Given information:

<<<<

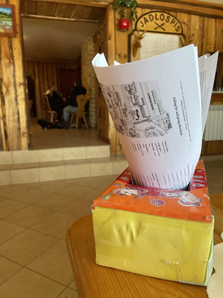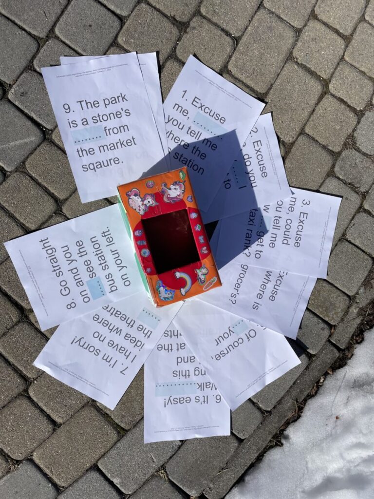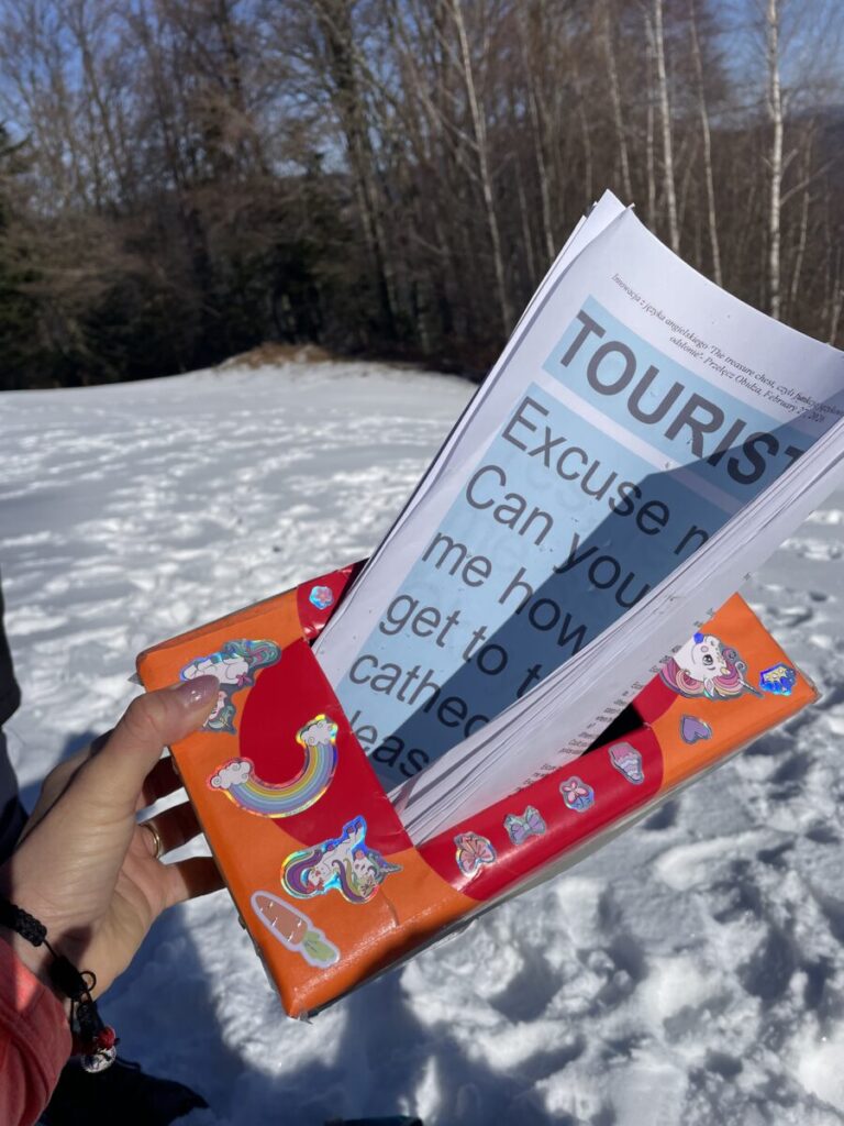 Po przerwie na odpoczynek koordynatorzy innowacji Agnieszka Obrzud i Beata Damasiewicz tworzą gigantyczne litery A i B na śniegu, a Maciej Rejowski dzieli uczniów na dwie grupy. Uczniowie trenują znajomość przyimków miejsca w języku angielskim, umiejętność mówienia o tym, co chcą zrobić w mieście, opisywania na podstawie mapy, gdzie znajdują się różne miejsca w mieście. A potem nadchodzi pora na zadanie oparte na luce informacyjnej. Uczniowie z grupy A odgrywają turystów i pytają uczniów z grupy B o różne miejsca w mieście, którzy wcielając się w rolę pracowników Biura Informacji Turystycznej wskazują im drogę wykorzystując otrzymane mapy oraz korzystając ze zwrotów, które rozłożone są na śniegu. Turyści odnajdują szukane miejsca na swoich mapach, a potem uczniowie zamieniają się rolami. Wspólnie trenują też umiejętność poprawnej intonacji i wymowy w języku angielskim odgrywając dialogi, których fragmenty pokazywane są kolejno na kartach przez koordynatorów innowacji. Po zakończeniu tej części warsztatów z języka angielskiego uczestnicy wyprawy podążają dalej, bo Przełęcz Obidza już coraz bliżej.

>>>>
<<<<

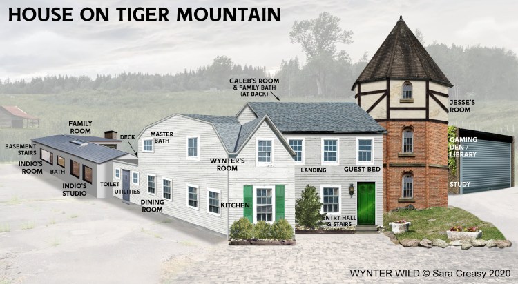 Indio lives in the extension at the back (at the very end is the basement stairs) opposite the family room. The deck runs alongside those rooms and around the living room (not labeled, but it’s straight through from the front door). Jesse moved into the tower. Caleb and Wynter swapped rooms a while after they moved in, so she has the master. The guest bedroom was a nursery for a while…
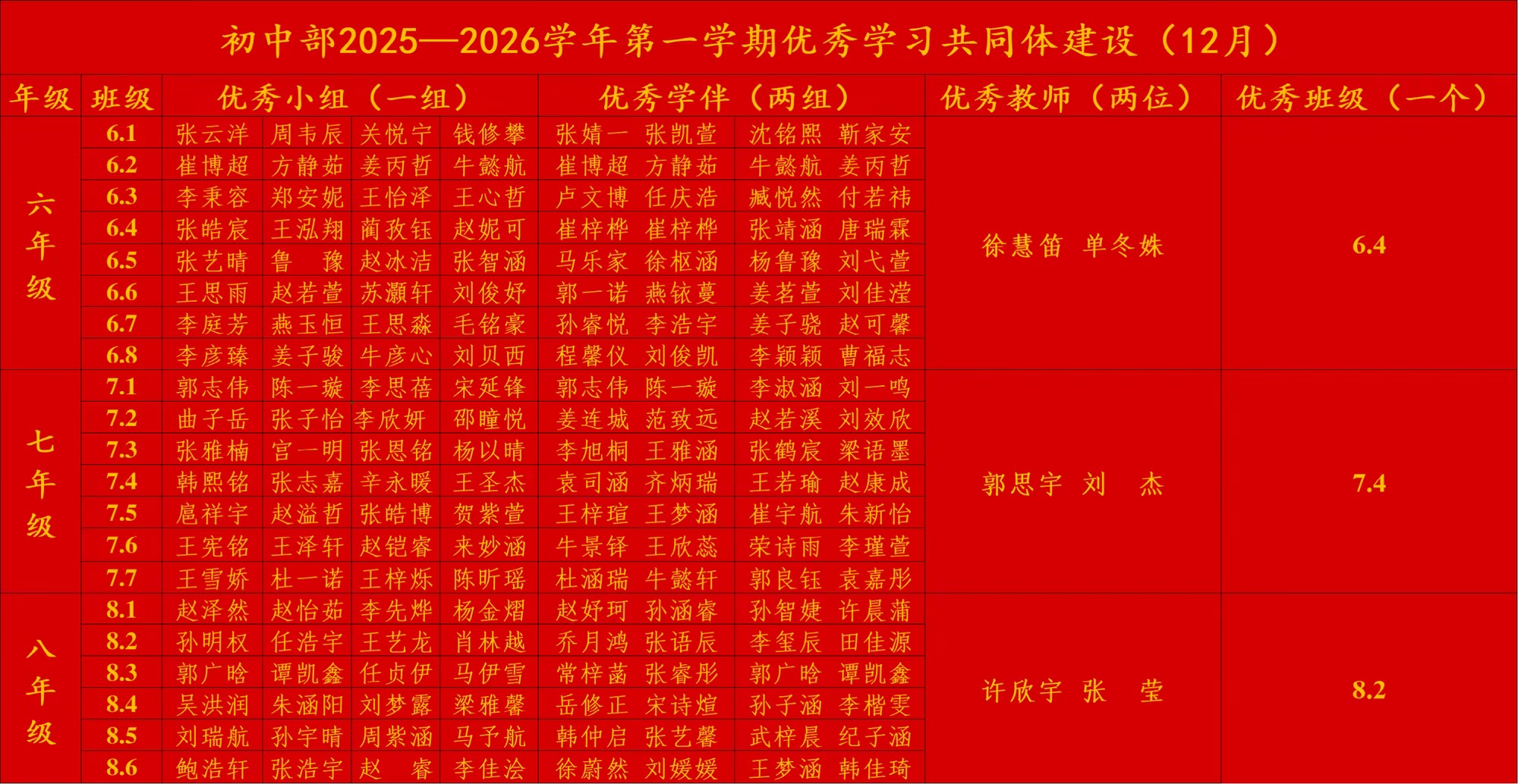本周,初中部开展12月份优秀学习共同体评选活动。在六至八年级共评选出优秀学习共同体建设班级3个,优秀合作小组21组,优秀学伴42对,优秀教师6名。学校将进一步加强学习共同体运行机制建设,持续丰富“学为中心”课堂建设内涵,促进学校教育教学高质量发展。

>>>>
<<<<

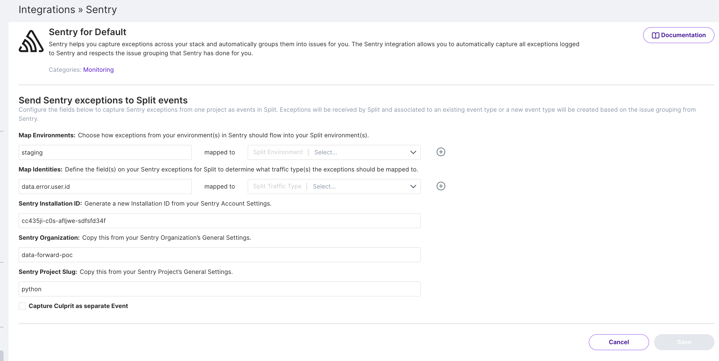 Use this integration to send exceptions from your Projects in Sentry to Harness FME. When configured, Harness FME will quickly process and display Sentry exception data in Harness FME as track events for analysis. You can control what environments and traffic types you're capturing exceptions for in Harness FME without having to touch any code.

>>>>

Problem requirements: Repeat, without pictures, exactly the lines of the data above from the one containing "Indio lives in" through the one containing "本周,初中部开展12月份优秀", including both and adding nothing.

Answer box:
 Indio lives in the extension at the back (at the very end is the basement stairs) opposite the family room. The deck runs alongside those rooms and around the living room (not labeled, but it’s straight through from the front door). Jesse moved into the tower. Caleb and Wynter swapped rooms a while after they moved in, so she has the master. The guest bedroom was a nursery for a while…
本周,初中部开展12月份优秀学习共同体评选活动。在六至八年级共评选出优秀学习共同体建设班级3个,优秀合作小组21组,优秀学伴42对,优秀教师6名。学校将进一步加强学习共同体运行机制建设,持续丰富“学为中心”课堂建设内涵,促进学校教育教学高质量发展。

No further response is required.